**TASK INSTRUCTIONS**.
Images do not belong in the copy. Retype the entries exactly.

━━ THE DATA

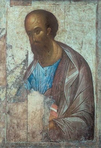 403. Андрей Рублев. Апостол Павел, из деисусного чина. Начало XV в. Из Успенского собора на Городке в 3венигороде. ГТГ
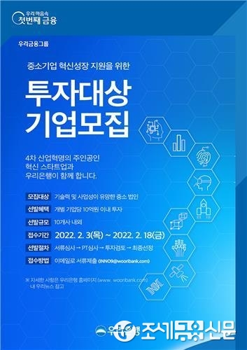 (조세금융신문=최주현 기자) 우리은행은 오는 3일부터 18일까지 '제9차 중소기업 성장 지원을 위한 투자대상 기업 공모'를 실시한다.
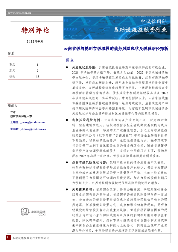 【中诚信国际】【202209】中诚信-云南省级与昆明市级城投的债务风险现状及缓释路径探析-13页
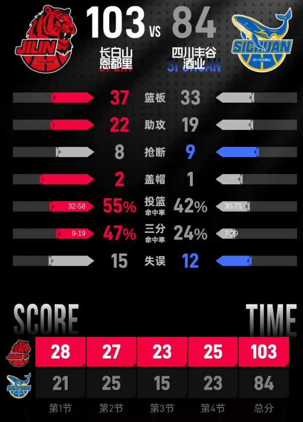 比赛进入末节争夺,景菡一率先命中三分,段立谦两罚全中,威尔逊上篮得分扩大优势。维纳莱斯回敬上篮,威尔逊再中三分,两次罚篮全中后分差已经拉大到23分。四川连续进攻得手,于枭永接连得分,景菡一两罚全中把分差缩小到19分,贾昊投进三分,段立谦多次罚中稳住主队优势。比赛最后一分钟,张航源接助攻上篮得手,主队拿到第103分,终场前杜智博接助攻上篮得分,长白山恩都里以103-84击败四川丰谷酒业。
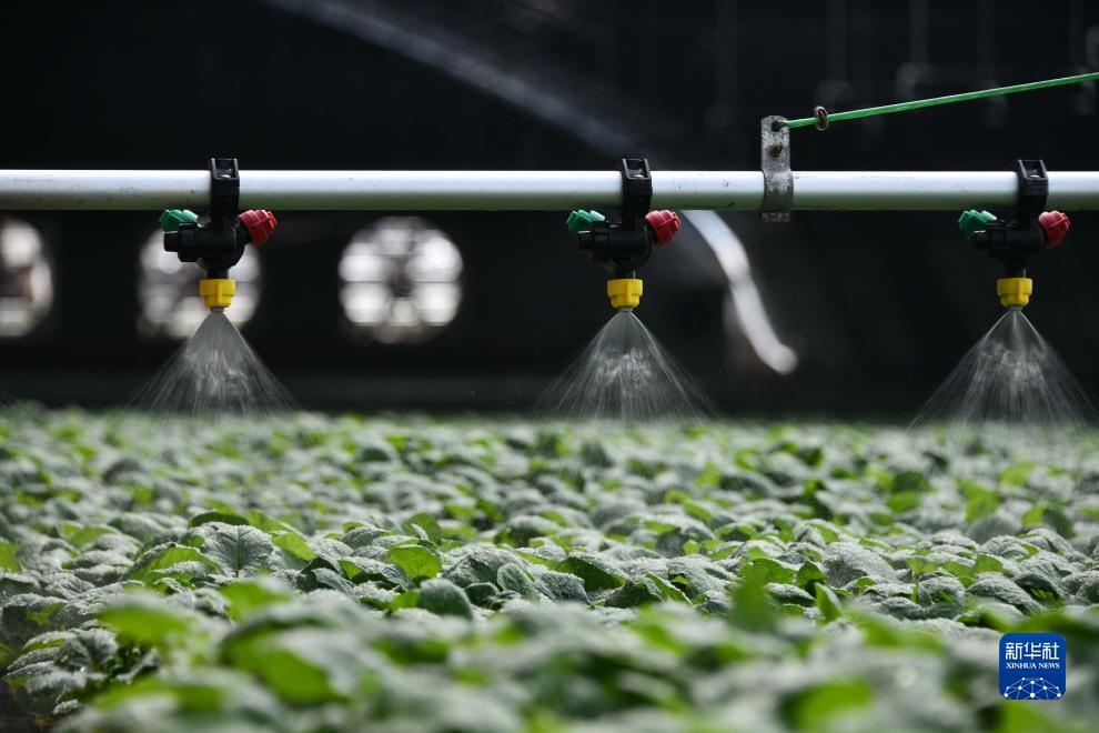 8月11日,在山東省菏澤市定陶區杜堂鎮的一處自動(dòng)控溫大棚內,噴淋系統為蔬菜苗澆水。
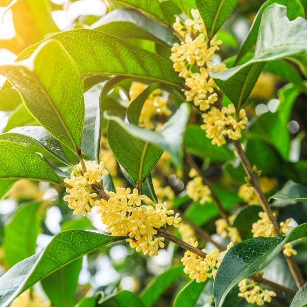桂花对于南方人来说都不陌生,随处可见,可能北方一些地方就不太可能经常打交道,但是从人人都能哼唱的“八月桂花遍地开”的歌声中,也对桂花了解个一二了。 估计知道桂花的一些皮毛的人不少,真正完全了解的也有相当的局限性。 今天就和大家一起谈谈桂花那些事。桂花,也称桂花树、桂树等,是常绿乔木植物中的一种。既是园林植物,也有药用价值。 桂花开花成聚伞花序簇生于叶腋,花色以黄白、淡黄、黄色或桔红为多,香气浓郁,每到盛开季,花香随风传播,沁人心脾。 桂花品种分为八月桂(每年农历八月开花)和月月桂(基本月月开花)两种,从颜色上区分,又有金桂(黄色花)、银桂(浅白色花)和丹桂(红色花)之说。 现代人已经不满足于赏花,而是努力挖掘和创造它的衍生品,梅酱桂花、糖桂花、桂花奶茶、桂花冰激凌、桂花奶冻,还经过萃取制成桂花精油、香薰等一些产品在线上线下火热销售。 由于受天气影响,今年桂花姗姗来迟,但毕竟没有缺席让人们失望,她们的到来,还引来不少人走出家门一睹他们的芳容,让人们欣赏她的风采同时,切身体验她给人们带来的精神上和味觉上的享受。
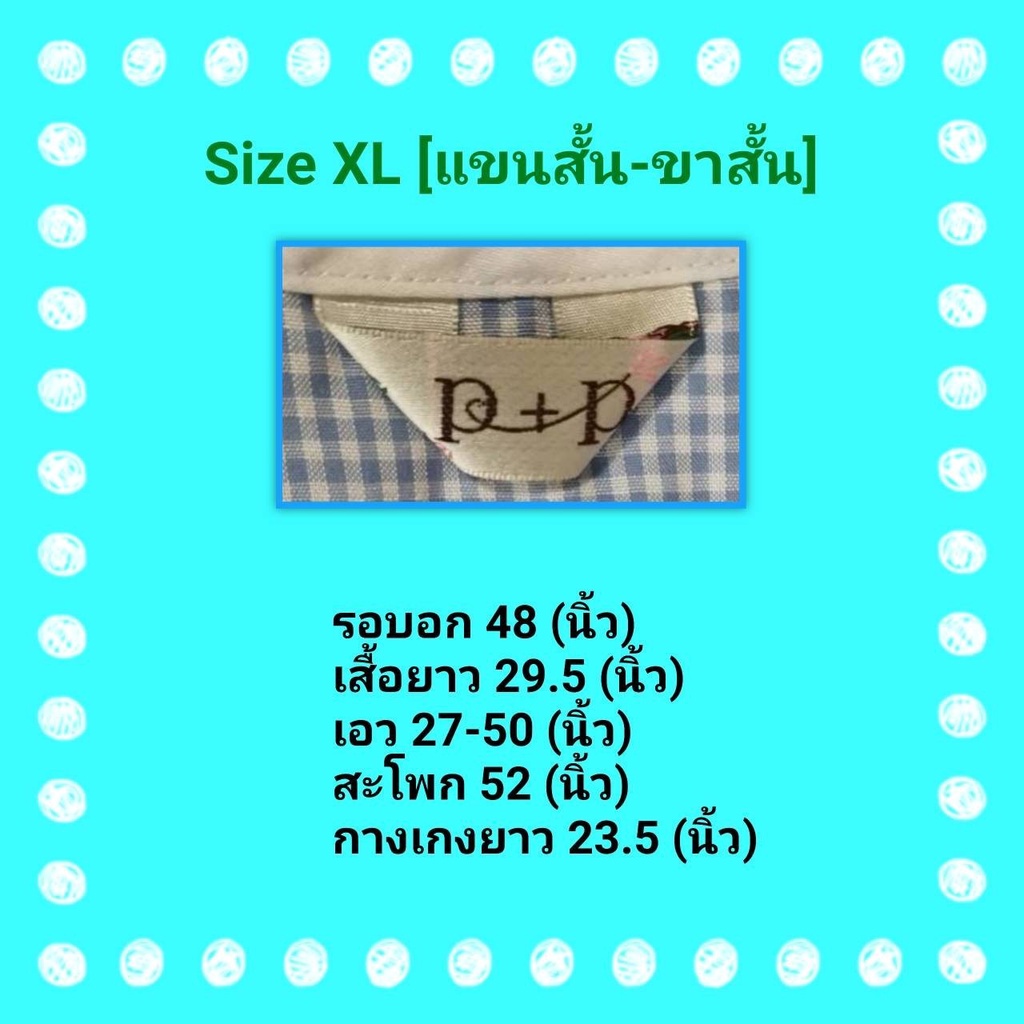 Size XL : รอบอก48" ไหล่กว้าง21" เสื้อยาว29.5" สะโพก52" เอวยืด27-50" กางเก
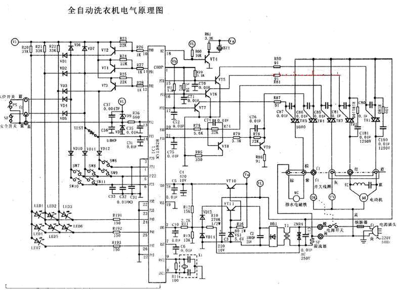 晶體管T11、T10和穩(wěn)壓管DW組成欠壓保護電路。當電源電壓不足,T11的基極電壓小于3.9V時,T11截止,T10也截止。Z86C09的P3.1端沒有電壓,常為低電平。T12截止,造成T5~T9的發(fā)射極均懸空,因此T5~T9截止,不受Z86C09控制。這時,雖然Z86C09能夠正常工作,但外圍控制元件全部關斷,洗衣機不工作。單片機的P3.1端輸入判別欠壓保護電路工作狀態(tài)的信號,只有當電壓正常后,單片機才開始執(zhí)行洗衣程序。
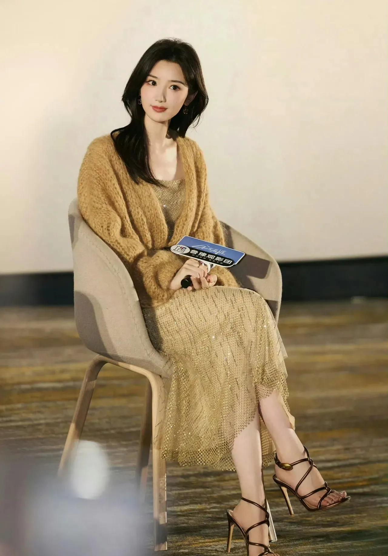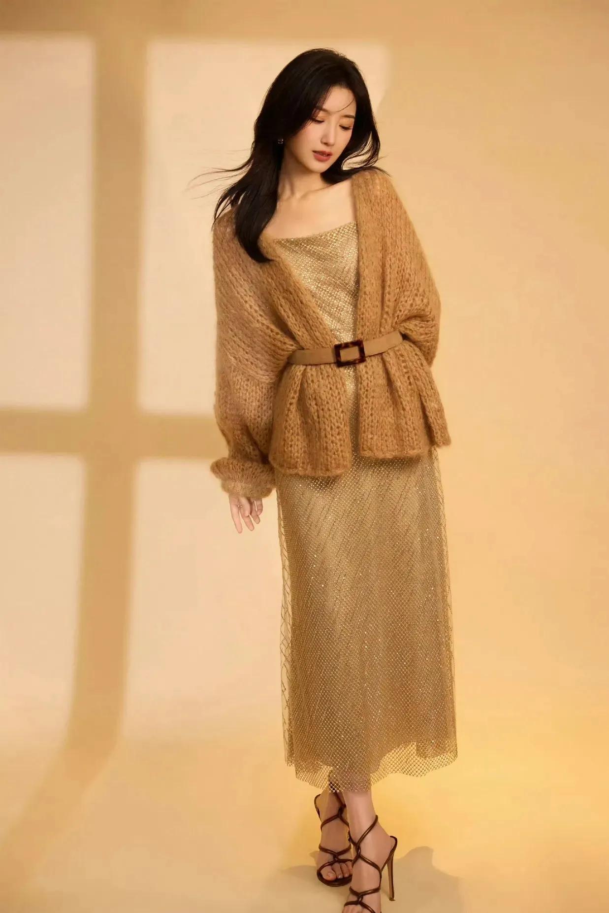 毛晓彤这身造型也太绝了! 毛晓彤最新造型美到失语!金色吊带裙缀满亮片,露背设计超吸睛,外搭棕色毛绒开衫甜酷又温柔。她笑容明媚自信,时尚感直接拉满,这状态谁看了不夸一句绝! 毛晓彤

━━━━

**RESULT OF THE EXERCISE**.
 403. Андрей Рублев. Апостол Павел, из деисусного чина. Начало XV в. Из Успенского собора на Городке в 3венигороде. ГТГ
 (조세금융신문=최주현 기자) 우리은행은 오는 3일부터 18일까지 '제9차 중소기업 성장 지원을 위한 투자대상 기업 공모'를 실시한다.
 【中诚信国际】【202209】中诚信-云南省级与昆明市级城投的债务风险现状及缓释路径探析-13页
 比赛进入末节争夺,景菡一率先命中三分,段立谦两罚全中,威尔逊上篮得分扩大优势。维纳莱斯回敬上篮,威尔逊再中三分,两次罚篮全中后分差已经拉大到23分。四川连续进攻得手,于枭永接连得分,景菡一两罚全中把分差缩小到19分,贾昊投进三分,段立谦多次罚中稳住主队优势。比赛最后一分钟,张航源接助攻上篮得手,主队拿到第103分,终场前杜智博接助攻上篮得分,长白山恩都里以103-84击败四川丰谷酒业。
 8月11日,在山東省菏澤市定陶區杜堂鎮的一處自動(dòng)控溫大棚內,噴淋系統為蔬菜苗澆水。
桂花对于南方人来说都不陌生,随处可见,可能北方一些地方就不太可能经常打交道,但是从人人都能哼唱的“八月桂花遍地开”的歌声中,也对桂花了解个一二了。 估计知道桂花的一些皮毛的人不少,真正完全了解的也有相当的局限性。 今天就和大家一起谈谈桂花那些事。桂花,也称桂花树、桂树等,是常绿乔木植物中的一种。既是园林植物,也有药用价值。 桂花开花成聚伞花序簇生于叶腋,花色以黄白、淡黄、黄色或桔红为多,香气浓郁,每到盛开季,花香随风传播,沁人心脾。 桂花品种分为八月桂(每年农历八月开花)和月月桂(基本月月开花)两种,从颜色上区分,又有金桂(黄色花)、银桂(浅白色花)和丹桂(红色花)之说。 现代人已经不满足于赏花,而是努力挖掘和创造它的衍生品,梅酱桂花、糖桂花、桂花奶茶、桂花冰激凌、桂花奶冻,还经过萃取制成桂花精油、香薰等一些产品在线上线下火热销售。 由于受天气影响,今年桂花姗姗来迟,但毕竟没有缺席让人们失望,她们的到来,还引来不少人走出家门一睹他们的芳容,让人们欣赏她的风采同时,切身体验她给人们带来的精神上和味觉上的享受。
 Size XL : รอบอก48" ไหล่กว้าง21" เสื้อยาว29.5" สะโพก52" เอวยืด27-50" กางเก
 晶體管T11、T10和穩(wěn)壓管DW組成欠壓保護電路。當電源電壓不足,T11的基極電壓小于3.9V時,T11截止,T10也截止。Z86C09的P3.1端沒有電壓,常為低電平。T12截止,造成T5~T9的發(fā)射極均懸空,因此T5~T9截止,不受Z86C09控制。這時,雖然Z86C09能夠正常工作,但外圍控制元件全部關斷,洗衣機不工作。單片機的P3.1端輸入判別欠壓保護電路工作狀態(tài)的信號,只有當電壓正常后,單片機才開始執(zhí)行洗衣程序。
 毛晓彤这身造型也太绝了! 毛晓彤最新造型美到失语!金色吊带裙缀满亮片,露背设计超吸睛,外搭棕色毛绒开衫甜酷又温柔。她笑容明媚自信,时尚感直接拉满,这状态谁看了不夸一句绝! 毛晓彤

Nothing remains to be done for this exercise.